Note: The extension uses ipykernel directly via ZeroMQ - no Jupyter VS Code extension required.
Workspace Structure
The extension requires a local_development folder in your workspace, which the extension creates - example:
your-repo/
├── local_development/ # Required - extension searches for this
│ ├── schemas/
│ │ └── schema_reference.json # Auto-generated by "Rebuild intellisense"
│ └── temp_notebooks/ # Auto-generated working directory
├── notebooks/ # Your Fabric notebook .py files
│ ├── bronze_customer.py
│ └── silver_sales.py
└── pipelines/ # Fabric pipeline JSON files (optional)
The local_development folder can be at any depth - the extension searches up to 5 levels deep.
Azure Service Principal
Each lakehouse connection requires a Service Principal with access to OneLake:
- Create an App Registration in Azure Entra ID
- Grant permissions to the Fabric workspace (Contributor or higher)
- Create a client secret and note the values:
- Tenant ID
- Client ID (Application ID)
- Client Secret
When adding a connection in the extension, you'll enter these credentials.
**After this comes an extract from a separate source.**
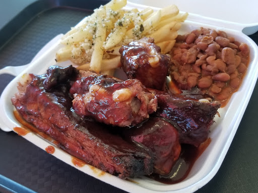TERRIBLE, CANT BELIEVE I SPENT OVER 100.00 HERE , THINKING IT WAS GOING TO BE GOOD. REAL BBQ DOES NOT NEED BBQ SAUCE NOR DROWNING IN IT . IN THIS CASE IT WAS USED TO MASK THE MISTAKE THAT DIDNT EVEN COME CLOSE TO TASTING LIKE BBQ. ITS ONLY OBVIOUS MOST CUSTOMERS HAVE NEVER HAD REAL BBQ BEFORE . SMOKED? ONLY THING SMOKED WAS MY TIME & MONEY . #SERVICENOGOODALSO #FAIL #NOBUENO #WASTEDMYMONEY #THREWFOODAWAY #MYDOGSEATBETTER #DISSAPOINTED
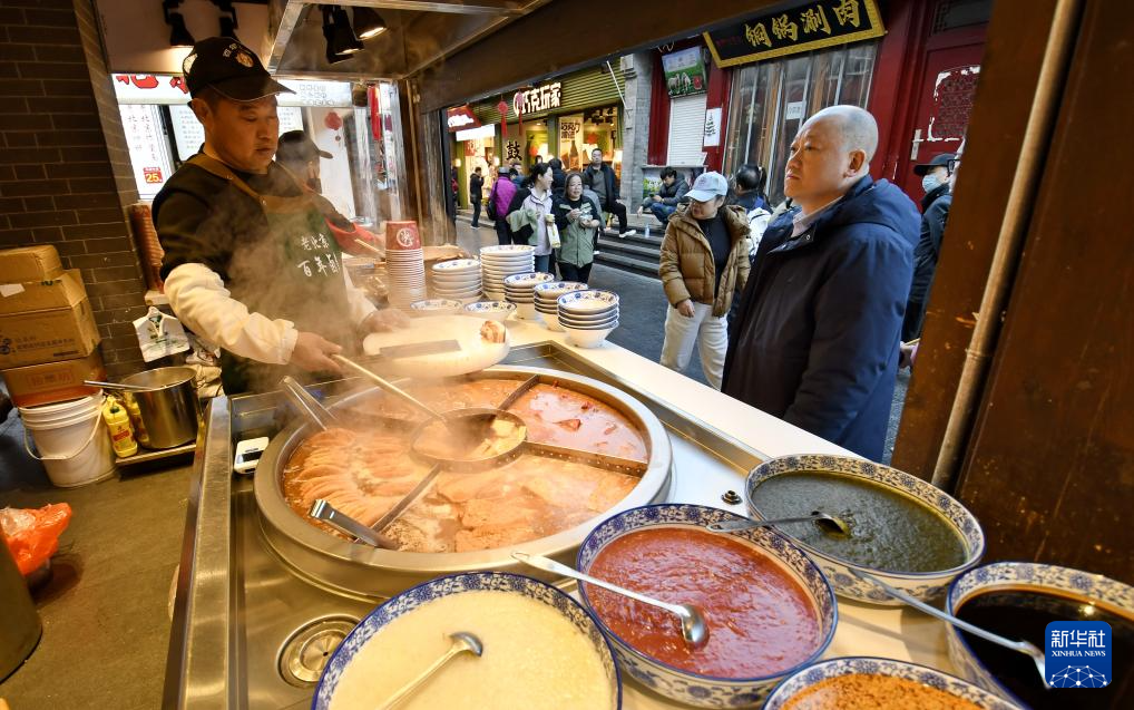 2月18日,游客在北京烟袋斜街品尝美食。新华社记者 李欣 摄

The client secret is stored securely in VS Code's secret storage.
If the same service principal is used between environments, then connections can be switched without restarting Spark.
Notebooks should be Python files (.py) in Fabric's format with cell markers:
# Fabric notebook source
# METADATA ********************
# META {
# "kernel_info": { "name": "synapse_pyspark" },
# "dependencies": {}
# }
# CELL ********************
df = spark.sql("SELECT * FROM bronze.customer")
display(df)
Workspace Notebook Resolution
Function notebooks (e.g., nb_dataplatform_functions) are resolved from the customer's workspace .Notebook folders. When a notebook uses %run nb_xxx, the extension:
- Finds
nb_xxx.Notebook in the configured search path
- Generates a Python stub in
local_development/workspace_stubs/workspace/
- Resolves dependencies recursively (e.g.,
nb_extract_bc_functions → nb_dataplatform_functions → nb_dataplatform_config)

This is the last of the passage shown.